I had no response for him, and after a few moments, he was the one to speak again.

“At least you feel like shit about it. Will they let me see her?” he asked.

“I’ll call now and put you on the approved list.”

Silence settled down again between us, and this time, I was the one to break it.

“I’m sorry I involved you?our business?in this,” I choked. “I don’t want to lose you.”

“Going to cry on me, Langley?” he tried to tease, but his voice was full of emotion too, the same mixed bag of them he’d had for the whole call: anger, hurt, worry.

“Maybe,” I said with a shrug he couldn’t see.

“Honestly…it’s better than what I was imagining, in many ways,” he said quietly.

“What were you imagining?”

“There were times when I thought you might have been her supplier, working for them for real,” he said quietly.

“And you still went into business with me?” I said, surprised.

“Well, we’d already gone down the road together, and I wasn’t willing to throw it away for a hunch. I also wasn’t ready to ask and have everything fall apart because I had to walk away.”

“Plausible deniability,” I said.

“I like to consider ithoping for the best,” he said. “But Dawson?”

“Yeah?”

“I need you to be honest with me for this to continue. I need to know it’s done.”

“It is.
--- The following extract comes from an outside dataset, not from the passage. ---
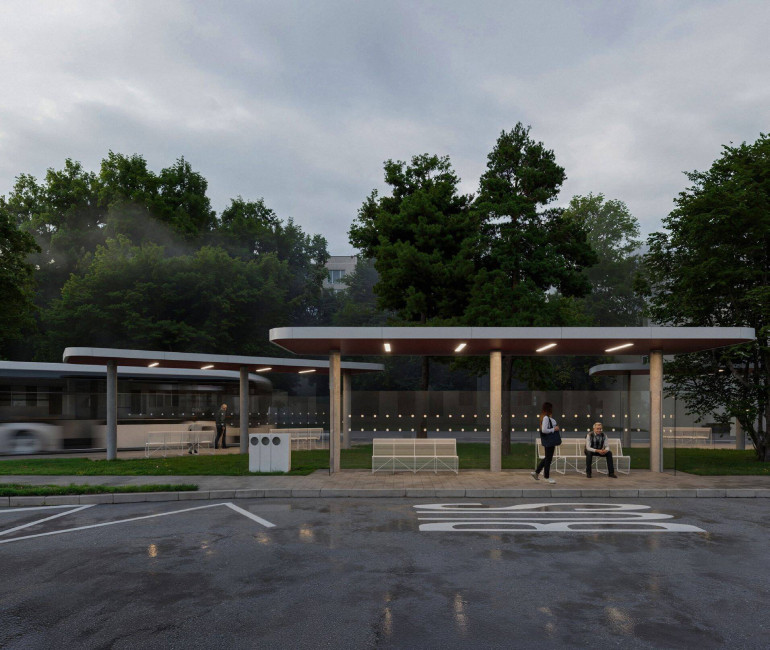 Výrazná strecha chráni cestujúcich a dáva stavbe jasnú identitu. Jedná sa o silný koncept, druhé miesto získava najmä kvôli radikálnosti, ktorá však môže byť realizačne náročnejšia. Architektonický výraz – dominantná horizontála zastrešenia chráni cestujúcich a dáva stavbe jasnú identitu; pavilóny sú rozmiestnené v rytme, ktorý zlepšuje priehľadnosť a pohyb. Návrh je architektonicky aj funkčne kvalitný, no s menšou možnosťou budúcich úprav.

I swear on my love of the water.”

“Swear on Violet.”

My throat closed. “I won’t ever swear on her, but I will swear on everything in my life but her.”

He hesitated. “Okay. Well. We’ll have to take it a step at a time then.”

We hung up, and I called the agent in charge at the hospital and added Dax to the list before locking the Aston Martin and heading into the building.

Malone, Nolan, and several other agents who had been with us at Jada’s the night before were huddled around a table in the conference room. They’d moved from the house next to the Moris’ so the FBI could use it in the future, if they needed to, without blowing their cover. I wasn’t sure any of the men had slept or showered, and the remnants of their meals were scattered across the surfaces of the room. I felt guilty for the rest I’d had, for the ability to escape and lose myself in Violet.

When he saw me in the doorway, Malone pushed away from the table and came toward me.

“Let’s take a walk,” he said.

I turned, and we fell into stride, leaving the building and walking through the streets toward the pier. The sun was setting, dropping over the horizon and turning the water into a mess of colors that reminded me of arriving back in New London less than two weeks ago. It felt like my world had rotated one hundred and eighty degrees in that short space of time. Or more like they’d all run full force into each other, hitting the wall and crumbling everything around it. Three merging into one.

“Have any of the men given us anything useful?” I asked.